# Help with algae growth on leaves



## vraev (Mar 29, 2012)

Hey guys,

This used to be just a minor annoyance for a while, but I am noticing that it is suddenly all over my plants in my tank. The algae eaters are not eating it..and it is just accumulating all over...including on the seam at the back corner of the tank. I do 1-2 water changes weekly (40-50%) and 8h of lighting (just cut it down to 7.5 today) under a Twinstar 600S. I inject CO2 at 1 bps.

Any suggestions on what I can do about this?

Is this stag horn algae? I generally dose 1 squirt of Iron / 1 squirt of tropica premium nutrition after water change. The biggest change I did few days ago was to insert 3 root tabs under the stem plant zone (Seachem fluorish root tabs).


























Thanks

V


----------



## TankCla (Dec 31, 2010)

Have you has the algae outbreak before you started using the root tabs?
I have noticed an increase of staghorn algae in my tank since I started using the seachem root tabs.

Maybe dosing excel might help you. This will increase the growth, thus absorbtion of extra nutrients and kill some of the algae.

Not familiar with Tropica ferts, but on their website, they warn about algae growth. I use Seachem.
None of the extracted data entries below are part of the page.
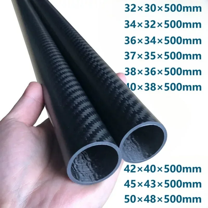 2pcs 500mm length Twill Matte surface 3K Carbon Fiber Fabric Wound Tube OD 30mm 32mm 35mm 40mm 45mm ...
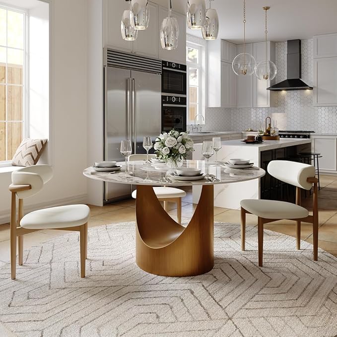 - Smooth Edge Design: The dining tabletop pattern is glossy white marble. Thickness of the tabletop is 12mm, and the edge of the tabletop adopts a humanized smooth edge design to prevent collision, making your family and pets feel more at ease at home. The size of this round dining table is 59 inches, table is recommended for 4-6 people
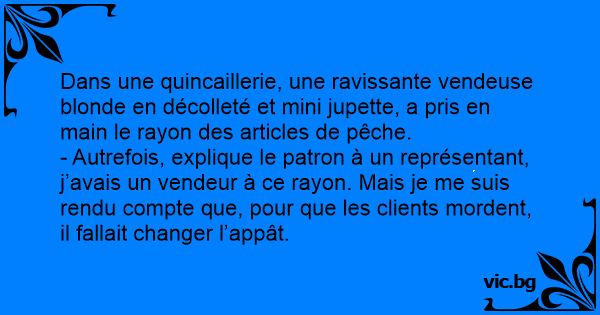 - Autrefois, explique le patron à un représentant, j’avais un vendeur à ce rayon. Mais je me suis rendu compte que, pour que les clients mordent, il fallait changer l’appât.
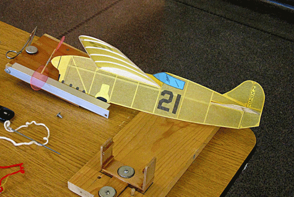 No Cal or Profile Scale planes are built with a simple framework showing the side view of the aircraft they represent, attached to a motor stick which carries the propeller bearing and the rear motor hook. The wing is covered on one side and usually has cambered “sliced” balsa ribs. This splendid example represents the “Chambermaid” pylon racer and was flown at a 2010 Meet at Racine’s Memorial Hall, There are a wealth of plans available for such planes, either in “Model Aviation” or in the Flying Aces Newsletter archives. Short kits are available at retrorc or Volare Products.

More expensive, but it gives the advantage of target dosing.


----------



## vraev (Mar 29, 2012)

TankCla said:


> Have you has the algae outbreak before you started using the root tabs?
> I have noticed an increase of staghorn algae in my tank since I started using the seachem root tabs.
> 
> Maybe dosing excel might help you. This will increase the growth, thus absorbtion of extra nutrients and kill some of the algae.
> ...


Hi,

Thanks for the reply. No..I didn't have this severe algae outbreak before the root tabs. I did have some stag horn hanging on to the top edge of the rock and green spot on the pinnatafida leaves, but the Rotala was always clean.

I turned down the light duration from 8 to 7.5h. I did a 50% water change as well. I also dosed with excel at 1.5 capfuls for this 17 gal tank. I don't know if it will help...so let's see.

Thanks

V


----------



## Sivamayca (Sep 11, 2019)

You are dosing only the micro ferts like Iron and Tropica Premium (It doesn't have any Macro elements NPK). Twinstar 600S is a Very strong light and you have to dose Macro Ferts as well. Nutrient imbalance is causing the algae problem in your tank. 

Remove the algae manually as much as possible and remove the affected leaves, then do black out for 5 days. Most of these algae will die off. 

After blackout, start dosing the Macro Ferts. Possibly you have to increase the Co2 level a well from 1 BPS to 1.5 to 2 BPS.


----------